A vingadora da noite

Jodie Foster de pistola em punho a matar os bandidos que percorrem Nova Iorque em busca de vingança pelo namorado perfeito que três rufias mataram no Central Park? Jodie Foster a fazer de Charles Bronson de saias e a tomar a justiça nas suas próprias mãos?

A premissa começa por causar estranheza. No entanto, convém olhar para lá da superfície que dá a entender estar aqui um "thriller" de vigilantes e perceber que uma das grandes actrizes americanas da actualidade e o irlandês Neil Jordan construiram um conto de fadas escuro sobre a culpa e a redenção, reflectindo o estado de espírito da América pós-11 de Setembro.

Não é surpresa para quem conhecer a obra de Jordan que o realizador e romancista irlandês tem andado a olhar para realidades transfiguradas através do olhar de personagens que se sentem "fora" do mundo real. "A Estranha em Mim" introduz essa vertente onírica num "thriller" de narrativa mais tradicional sob a forma de uma viagem ao lado escuro de nós próprios. Erica Bain, uma locutora de rádio que regista no seu programa os sons de uma Nova Iorque cuja personalidade ela sente estar a perder-se por entre o progresso, passeia o cão com o noivo pelo Central Park uma noite quando são atacados por três rufias que o matam a ele e a deixam a ela em coma. Alice atravessou o espelho e o que se segue é o registo das suas aventuras do outro lado de si própria.

"A Estranha em Mim" é o percurso de Erica descobrindo o monstro escondido dentro de si e perguntando-se se valerá a pena deixá-lo à solta: a arma que compra no mercado negro para protecção, confere-lhe o poder de combater o fogo com o fogo, de se substituir à polícia manietada pela lei e castigar os maus que passam pelos buracos da rede legal. Mas é também o percurso do seu questionamento moral à medida que Erica vai ganhando confiança e começa a sentir-se invulnerável - e Foster que é uma das mais extraordinárias actrizes em actividade hoje em dia, não perde oportunidade de explorar o dilema que consome Erica por dentro, sem julgar, apenas trazendo ao de cima a vulnerabilidade e a humanidade de uma mulher que viu o seu mundo desintegrado e procura adaptar-se a uma nova realidade.
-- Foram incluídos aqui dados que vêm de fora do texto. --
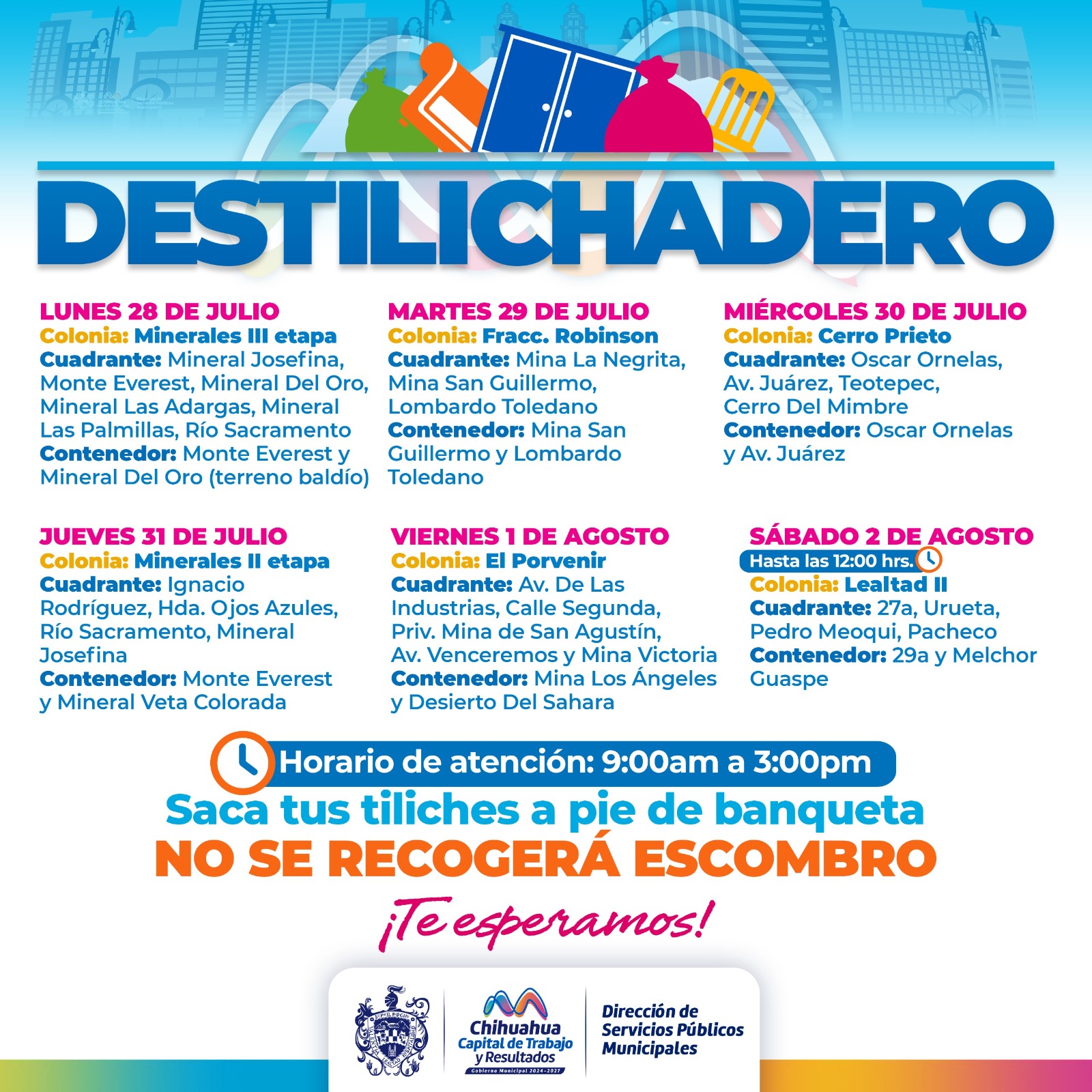 Para evitar acumulaciones de basura de grandes dimensiones en las viviendas, que podría generar plagas o problemas de salud, el Gobierno Municipal, a través de la Dirección de Servicios Públicos Municipales, informa el calendario del programa Destilichadero, que se realizará del 28 de julio al 2 de agosto en seis colonias de la Capital.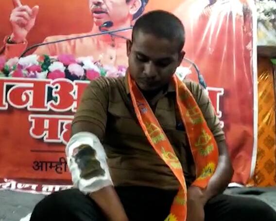 जळगाव : शिवसैनिक मेळाव्यासाठी दुचाकीवरुन निघाला.. मात्र रस्त्यातच त्याचा दुचाकीचा अपघात झाला...यात त्याचा हात मोडला तर दुसऱ्या हाताला गंभीर दुखापत झाली, तोंडाला, डोक्यालाही खरचटलं... तरीही तशाच अवस्थेत हा शिवसैनिक मलमपट्टी करत थेट मेळाव्यात पोहोचला...हे कुठल्या सिनेमाचा कथानक नाही तर ही आहे खरीखुरी आणि प्रत्यक्षात घडलेली गोष्ट. जळगाव जिल्ह्यातील पारोळा तालुक्यात चित्रपटाच्या कथानकाप्रमाणे असलेल्या या घटनेचा प्रत्यय आला. यातील शिवसैनिक तरुणाच्या धडपडीचं नेमक कारण म्हणजे... त्याला मेळाव्यात तो बंडखोरांच्या नव्हे तर आपले नेते शिवसेनाप्रमुख उद्धव ठाकरे यांच्यासोबत असल्याचं तसेच मी खरा शिवसैनिक असल्याचं सिद्ध करायचं होतं.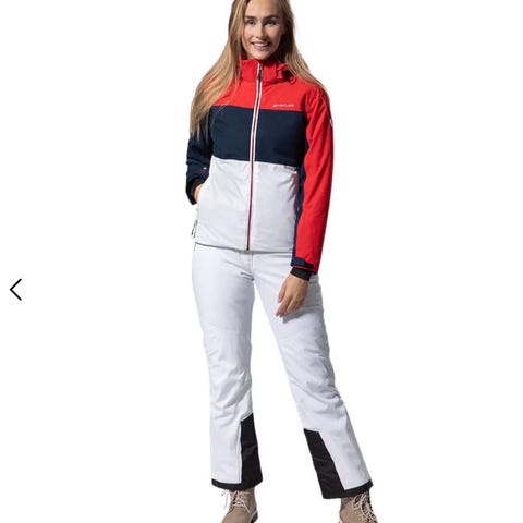 Vertical foret skijakke gråhvit m hette og div lommer detaljer og snelås str S romslig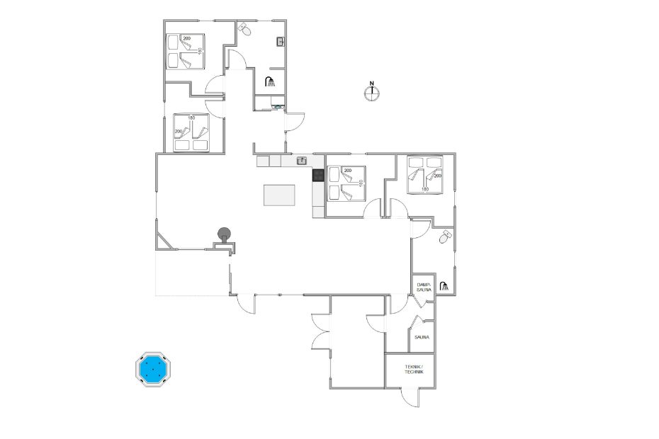 Das Ferienhaus hat 4 schöne Schlafräume mit je einem Doppelbett, die alle mit einem Fernsehgerät ausgestattet sind. In dem größeren von den 2 Badezimmer findet ihr eine Besonderheit die Wellness verspricht, denn hier findet ihr außer einer Sauna auch eine Dampfkabine (türkisches Bad) verspricht.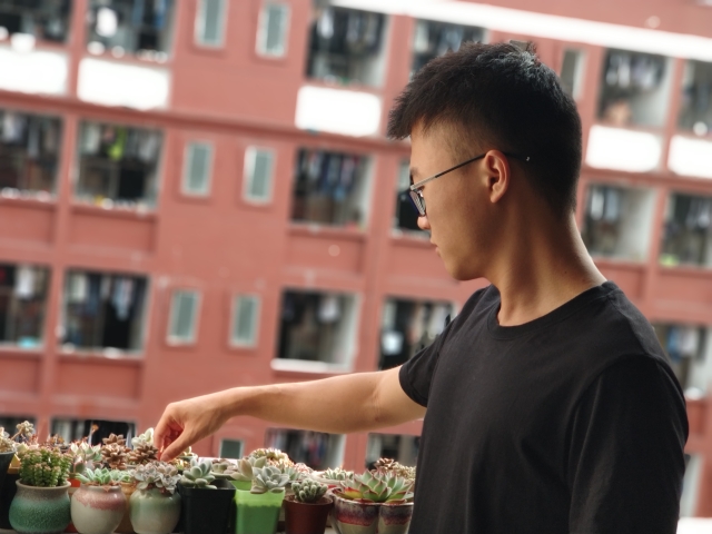 现在就读大四的孙杭波有着自己奋斗的目标,每天就是图书馆、食堂、寝室三点一线的生活,但还是每天坚持去打理一下阳台的多肉,“做自己喜欢的事情,一点也不觉得累。我觉得多肉已经成为了我生活中不可或缺的一部分,他是我的朋友,在我奋斗的路上陪伴着我,鼓舞着我”,对于他而言,在学习疲惫后浇水施肥是最简单的快乐,他打理的是阳台的小花园,驾驭的是心灵,有小花园相伴,让一年的四季都变得那么的美好。

Juntos, Foster e Jordan constroem um thriller formalmente elegante que questiona a própria natureza do sub-género ao mesmo tempo que à superfície adere às suas regras. O certo é que, quando Erica Bain atravessa o espelho na direcção oposta no final do filme, não podemos ter a certeza se o monstro que acordou dentro dela foi expulso ou está apenas adormecido - mesmo que uma sequela seja profundamente improvável.